(DATA TO PROCESS)
- Opening Delimiter -
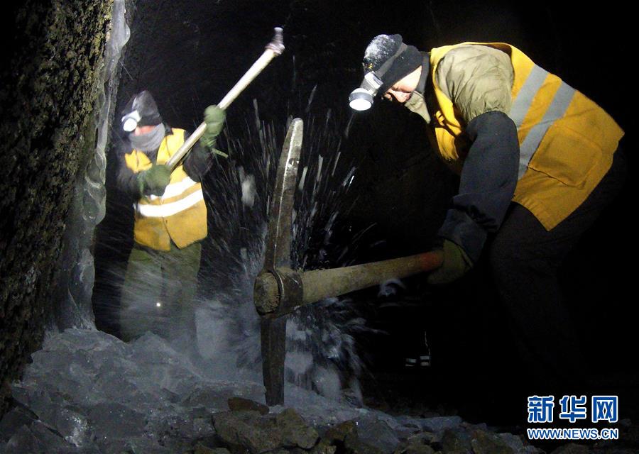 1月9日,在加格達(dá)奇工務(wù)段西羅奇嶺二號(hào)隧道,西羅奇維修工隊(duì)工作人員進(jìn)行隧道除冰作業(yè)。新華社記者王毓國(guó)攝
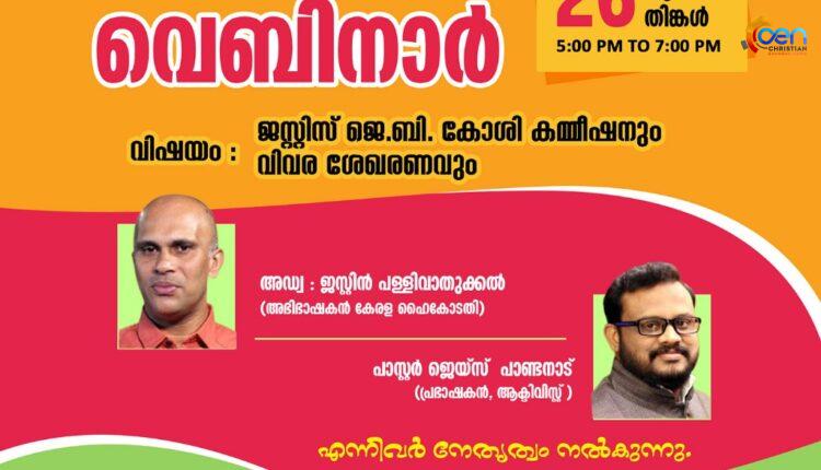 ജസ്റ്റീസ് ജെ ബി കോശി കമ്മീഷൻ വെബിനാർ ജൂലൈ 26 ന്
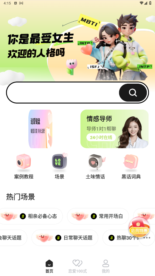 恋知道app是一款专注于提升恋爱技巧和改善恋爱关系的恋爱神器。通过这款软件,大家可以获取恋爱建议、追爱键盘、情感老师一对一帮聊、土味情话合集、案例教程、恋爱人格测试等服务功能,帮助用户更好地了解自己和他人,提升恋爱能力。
- Closing Delimiter -
- Opening Delimiter -
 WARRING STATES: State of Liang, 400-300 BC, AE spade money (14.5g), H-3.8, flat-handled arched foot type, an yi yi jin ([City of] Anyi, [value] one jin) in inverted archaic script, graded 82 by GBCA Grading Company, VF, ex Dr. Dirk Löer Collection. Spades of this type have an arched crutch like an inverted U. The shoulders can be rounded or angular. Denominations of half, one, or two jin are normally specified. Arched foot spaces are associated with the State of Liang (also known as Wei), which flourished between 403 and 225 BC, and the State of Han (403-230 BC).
- Closing Delimiter -
- Opening Delimiter -
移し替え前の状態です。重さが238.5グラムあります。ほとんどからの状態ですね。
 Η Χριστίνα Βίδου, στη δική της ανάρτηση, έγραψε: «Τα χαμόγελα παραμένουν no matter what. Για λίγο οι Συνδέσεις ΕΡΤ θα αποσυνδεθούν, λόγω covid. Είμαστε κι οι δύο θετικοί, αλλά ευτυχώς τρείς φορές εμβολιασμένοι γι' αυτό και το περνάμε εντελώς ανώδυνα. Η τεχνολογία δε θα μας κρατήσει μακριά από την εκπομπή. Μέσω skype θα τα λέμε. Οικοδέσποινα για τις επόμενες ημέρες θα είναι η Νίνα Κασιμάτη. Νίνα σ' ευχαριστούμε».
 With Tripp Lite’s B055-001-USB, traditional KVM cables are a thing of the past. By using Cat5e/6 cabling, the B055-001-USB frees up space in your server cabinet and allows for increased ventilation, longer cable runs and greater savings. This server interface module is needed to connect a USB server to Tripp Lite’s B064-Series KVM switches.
- Closing Delimiter -
Range to copy from the listing above: the line containing "1月9日,在加格達(dá)奇" down to the line containing "恋知道app是一款专注于提升", both included. Reproduce it exactly, minus the pictures, and add nothing.

(TASK SOLUTION)
 1月9日,在加格達(dá)奇工務(wù)段西羅奇嶺二號(hào)隧道,西羅奇維修工隊(duì)工作人員進(jìn)行隧道除冰作業(yè)。新華社記者王毓國(guó)攝
 ജസ്റ്റീസ് ജെ ബി കോശി കമ്മീഷൻ വെബിനാർ ജൂലൈ 26 ന്
 恋知道app是一款专注于提升恋爱技巧和改善恋爱关系的恋爱神器。通过这款软件,大家可以获取恋爱建议、追爱键盘、情感老师一对一帮聊、土味情话合集、案例教程、恋爱人格测试等服务功能,帮助用户更好地了解自己和他人,提升恋爱能力。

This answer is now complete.